GenXPosterChild

Where slacking is a sport, reading an addiction, and underachievement a birthright

Browsing Posts published on February 27, 2007

I’ve spoken quite nonchalantly about Generation X, of which this blog/site is a major theme, and Y, the younger followers whose technological savvy make up for their lack of years, as though the terms were so ubiquitous everyone knew what I was talking about when either group was mentioned.

However, this is certainly not the case, and while there are many people about whom I write who could fit the general characteristics of one of these subcultures, it’s not necessarily the rule. 

I can only write about my own experience of being part of this demographic, but I cannot define it.  I don’t believe any single person could.  From some, it’s nothing more than a marketing gimmick.  For others, it’s a technological cutoff from those who know and those who know they are clueless.

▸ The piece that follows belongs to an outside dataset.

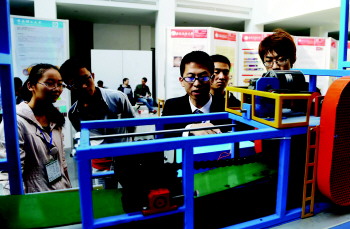 中国石油大学(华东)的闫书法、张良和白永涛设计的一个海油勘探潜水器,吸引了众多专家的目光。这个作品以“蛟龙号“为基础,对原有潜水器进行改进,使其作业更加灵活。“目前,我们对多个方面进行创新和改进。大体包括增加可伸缩陆上行走机构,解决陆上运行需要吊车运载的问题;增加破岩机械手,对海底大块有价值的资源进行摘取,便于携带。”闫书法说。

Here is an article that tries to capture the direct mail habits (for marketing purposes of course) of those strange creatures born between 1965 and 1994.  I think 1994 might be pushing things as the limit to gen Y, but to each their own:  http://bigmarketing.wordpress.com/2007/01/30/marketing-to-generation-x-and-y/ 

I still think Wikipedia has the best overall definition/answer: http://en.wikipedia.org/wiki/Generation_X

Technology often is among the great demarcating lines that separates the genX’s from the genY’s.  Those of us from the lost time know as Generation X did grow up with technology (and when I say technology, I mean computers and related peripherals), but they were big, clunky, did little, and did not run on a Windows or Mac OS.  I remember in elementary school writing simple programs that were like:

10 for x=1 to 100
20 goto 10
RUN..and the thing would write the numbers from 1 to 100 really fast down the screen

You get the point.  You could make blocks of color, you could play Pong on your Commodor 64, but they weren’t exactly what we have today.

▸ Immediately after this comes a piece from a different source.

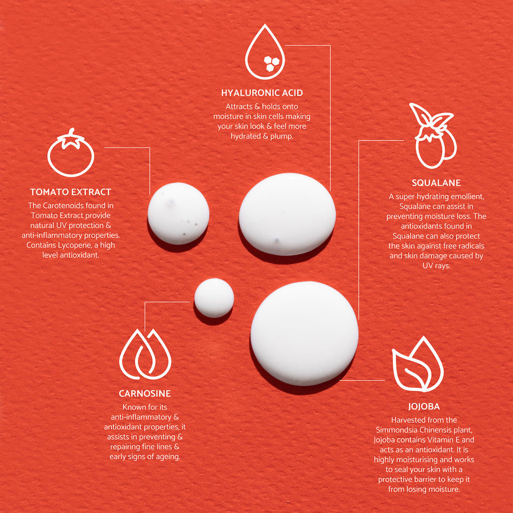 Wake up with Good Morning SPF 50 to help protect, restore and hydrate your skin while you focus on the fun stuff. Daily protection from the damaging effects of sunlight and environmental pollutants. With added Solanum Lycopersicum (Tomato Extract), Carnosine, Hyaluronic Acid, Simmondsia Chinensis (Jojoba) and Squalane.

And therein lies the problem.  While we may have been the first generation to grow up WITH the rise of new technology, it was hardly default.  It wasn’t ‘in our blood,’ as it is with the little ones growing up today.  I think it is because of this , those of us who are a looking at 40 with a sense of disbelief that “that’s going to be ME sooner than later” have the same inborn tendency to look at all of the insanely fast changes going on in the technological world around us and taking it all with a degree of trepidation.  Of hesitancy, or that ‘what if I fuck it all up?’ fear.

By no means is this breakthrough news-my father yells at me when the television isn’t working the way he wants, my mother the same except with her computer.  It never occurred to me that I too could become the victim of progress moving along without me. 

 Yes, yes, I could catch up, I could do some reading.  I’ve tried this route in fact.  I now own 4 books on blogging and it truly was a ‘read one, you’ve read them all’ experience.  Except for ”Blog Schmog: The Truth About What Blogs Can (and Can’t) Do for Your Business” by Robert W. Bly.  I wouldn’t recommend it either.  OK, I wouldn’t recommend it AT ALL.  It was pretty much drivel and did not help me at all learn about blogging.  

So now it’s a different process.  It’s not an automatic default that I can do everything.  There are probably quite a lot of skills people 10 years younger than me have without giving them a second thought, and I have no idea what they are. 

But I have help.  I can learn.  I may be behind, both for being older and for taking my decade long hiatus living in the middle of nowhere in Vermont, but I’m giving the ‘one step at a time’ idea a try.  It’s frustrating as all hell, but I think it’ll probably get me to wherever I want to go faster than my usual ’skim, attempt, flail, give up’ routine.  Hopefully.